Table 1 Study subjects
Table 2 Virome reads and contigs

Virome composition

We assembled the reads from each virome into larger contigs (Table 2) to help identify the most abundant viruses present in the saliva of each subject. Each contig then was subjected to BLASTX analysis using the NCBI non-redundant database to identify homologues present in the viromes. Similar to other studies (Breitbart et al., 2008; Pride et al., 2012a), the vast majority of the homologues found were to bacteriophage, while only a few homologues to viruses of Eukarya (herpesviruses and circoviruses) were found. By using the host taxonomy of each homologue as the putative taxonomy for each contig, we determined the host taxonomy of our viral communities at the Phlyum level.
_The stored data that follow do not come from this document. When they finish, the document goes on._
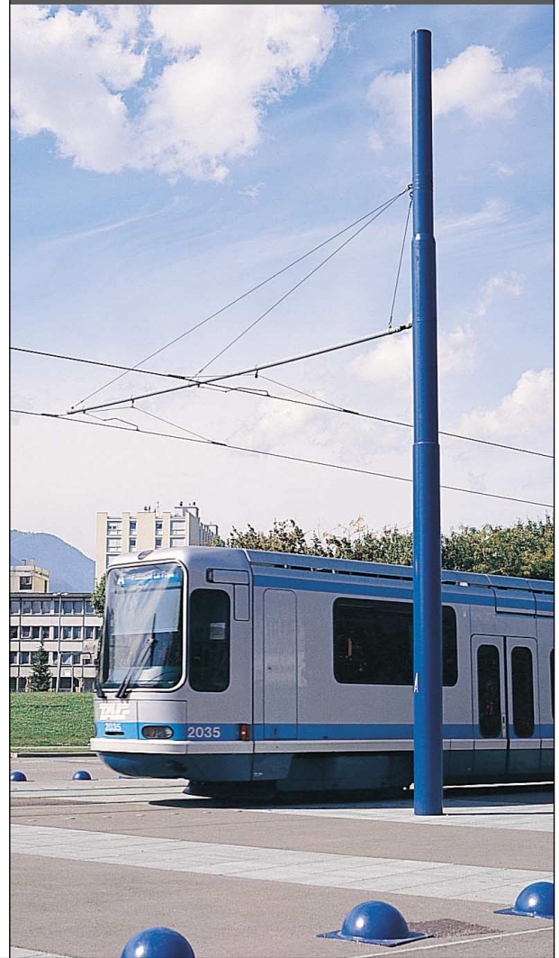
MATS SUPPORTS CATENAIRES • CATENARY POLES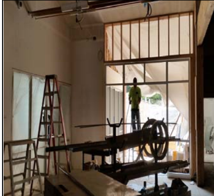
Main Entry Area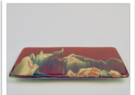
Firing results in a beautiful copper red reaction

To give the final piece a crafted look and to protect table top surfaces, apply Bumpons™ or cabinet door bumpers to the finished piece's feet. Apply two Bumpons™ or bumpers to one foot and a single Bumpon™ or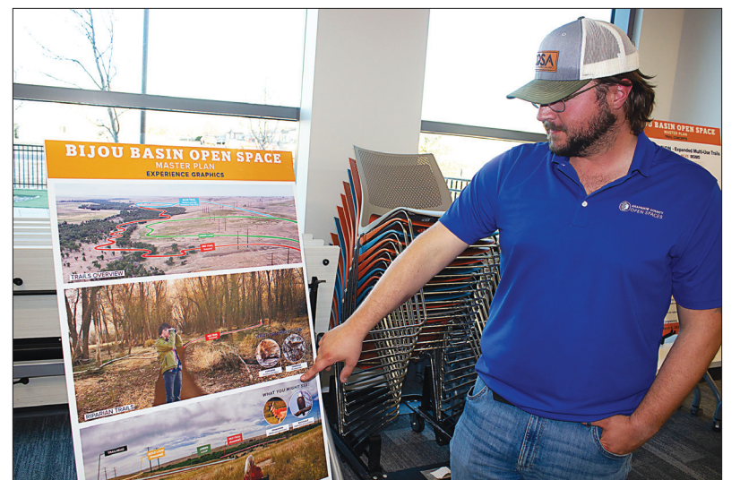
This map of the Bijou Basin presents its location in relation to I-70 Corridor communities — south of Byers and west of Deer Trail.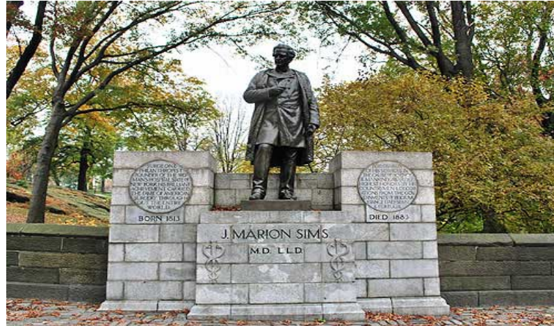
Figure 4. Image Dr. J Marion Sims Statue, New York's Central Park. 2013.

lives and legacies of the enslaved women in this history and interrogating structures of race, gender and power in relation to the telling of this story (see for example Daly 1978 ; Washington 2006 or Finney 2013 ).

We found that most of the subjects had a predominance of viruses from the phyla Proteobacteria or Firmicutes (Figure 1), which includes the genera Streptococcus, Gemella and Veillonella. We also found many Fusobacteria, which includes the genus Leptotrichia. With the exception of household no.3, there were similar proportions of phyla for the subjects within the SHHs; however, similar patterns were also observed in subjects from DHHs.

Figure 1
figure 1

Putative host biological assignments for viral contigs from human saliva from all the subjects. The percentage of contigs assigned to each biological group based on BLASTX best-hits is shown for each subject.
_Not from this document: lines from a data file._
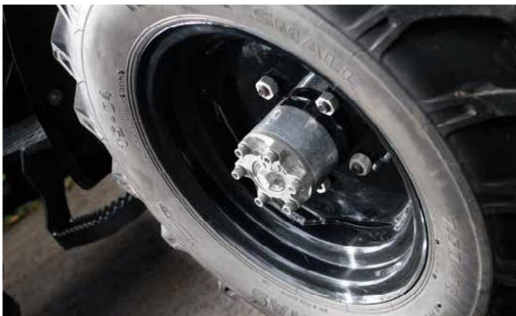
Front hubs are freewheeling items adapted from their usual Land Rover application.

The more you look at this tractor, the more you notice something different. For instance, the rear mudguards are in fact 35X items, which feature truck marker lights front and rear which sit under extra top panels also fabricated by Gerry. The PTO control lever has been moved to the right hand side (for reasons of space inside the rear end dictated by the new chain-drive), and the driver's access steps and foot-plates are all unique items made just for this tractor; their beefy appearance certainly fits in very well with this 20's off-road theme. Moving to the rear linkage reveals another surprise, as a hefty ram has been added to the hydraulic system in order to give the standard three-point setup a bit of a hand; this ram utilises the standard pump housed in the axle casing under the driver's seat. Speaking of the seat, this has been taken from a Ford 3000 and gives a level of comfort that the original 'pan' couldn't match. A number of components have also come in for the attention of the chromer, which look great against the straight black paint.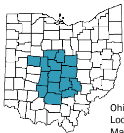
Ohio Location Map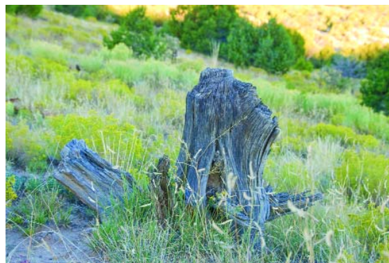
A closeup shows the color of the desert site.

Green burial may be just a variation on what most of humanity has always done for the deceased; at least until a century ago when the manufacturers of embalming fluid, who founded the nation's first mortuary schools, gave us "better death through chemistry." But I also know that what a growing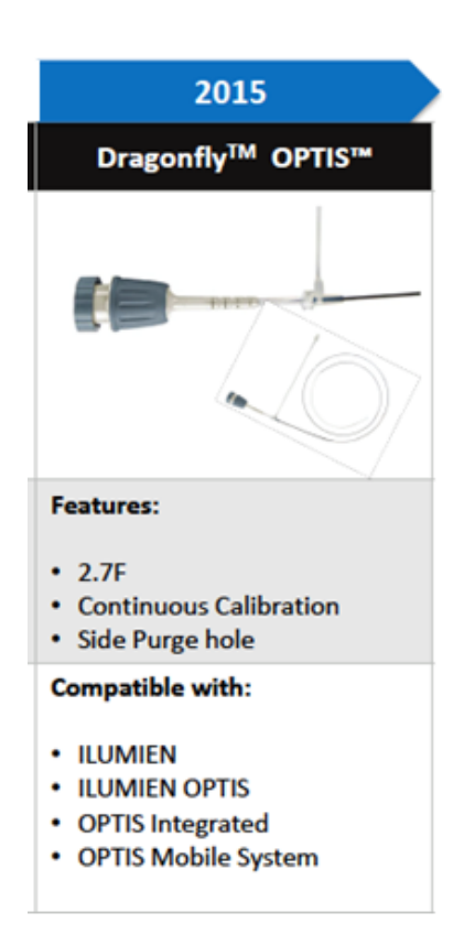
Figure 2 OCT system imaging catheter

The OCT procedure requires two operators: a sterile operator and a non-sterile operator. All steps requiring contact with the Dragonfly Imaging Catheter, or the outside of the sterile DOC cover must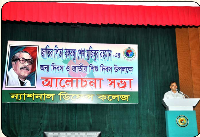
The 98 th birth anniversary of the Father of the Nation, Bangabandhu Sheikh Mujibur Rahman was observed with due respect and honour on 17 March 2017 at NDC.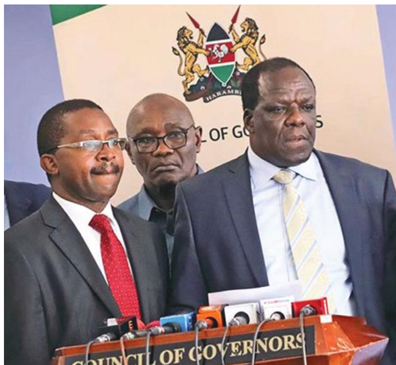
Members of the Council of Governors led by their Chairman Wycliffe Oparanya (C), Vice Chairman Mwangi wa Iria (L) and Kivutha Kibwana (R) during a past press briefing.

The governors urged the National treasury to urgently release half of the County equitable share of rev-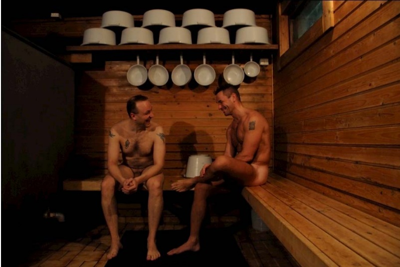
Steam of Life

We mapped the virome reads from each subject to a database of known bacteriophage ( to determine the proportion of virome reads from each subject that mapped to known bacteriophage. In some subjects, a substantial proportion of the reads mapped to a single bacteriophage in the database, suggesting that these bacteriophage are highly abundant (Supplementary Table S1). This is contrary to results we previously reported for human salivary viromes in which the oral viral populations were predicted to be evenly distributed in all the subjects studied (Pride et al., 2012a). For subject DHH5, 13% (75 581 reads) of the virome reads mapped to Streptococcus phage 5093, while 10% (53 880) of the reads from subject DHH11 map to the same phage. These subjects were related (Table 1) but had not resided in the SHH for the past 15 years. Subject SHH4-1, the daughter of subject DHH5, had a much lower abundance of virome reads (<1%) that mapped to Streptococcus phage 5093. Numerous other bacteriophage were identified by mapping virome reads against the database of bacteriophage, including Actinomyces phage AV-1 (4% in DHH3) and Enterobacteria phage DE3 (10% in DHH8) (Table 2). Nearly the entire bacteriophage genomes of Streptococcus phage 5093, Actinomyces Phage AV-1 and Enterobacteriaphage DE3 were present in these viral communities (Figure 2). We found other bacteriophage present in these communities whose full genome likely is present, including Haemophilus phage HP-1, despite representing <1% of the virome reads in subject SHH3-2 (Figure 2d).

Figure 2
figure 2

Read mappings of viromes to select viruses. Panel (a) demonstrates the mapping of reads from subject DHH5 to Streptococcus phage 5093 (75 581 of the 572 571 reads). Panel (b) demonstrates the mapping of reads from subject DHH3 to Actinomyces phage AV-1 (21 076 of the 473 775 reads). Panel (c) demonstrates the mapping of reads from subject DHH8 to Enterobacteria phage DE3 (18 776 of the 188 093 reads). Panel (d) demonstrates the mapping of reads from subject SHH3-2 to Haemophilus phage HP-1 (1406 of the 376 492 reads). The y axis demonstrates the total number of reads mapping to an individual portion of each virus.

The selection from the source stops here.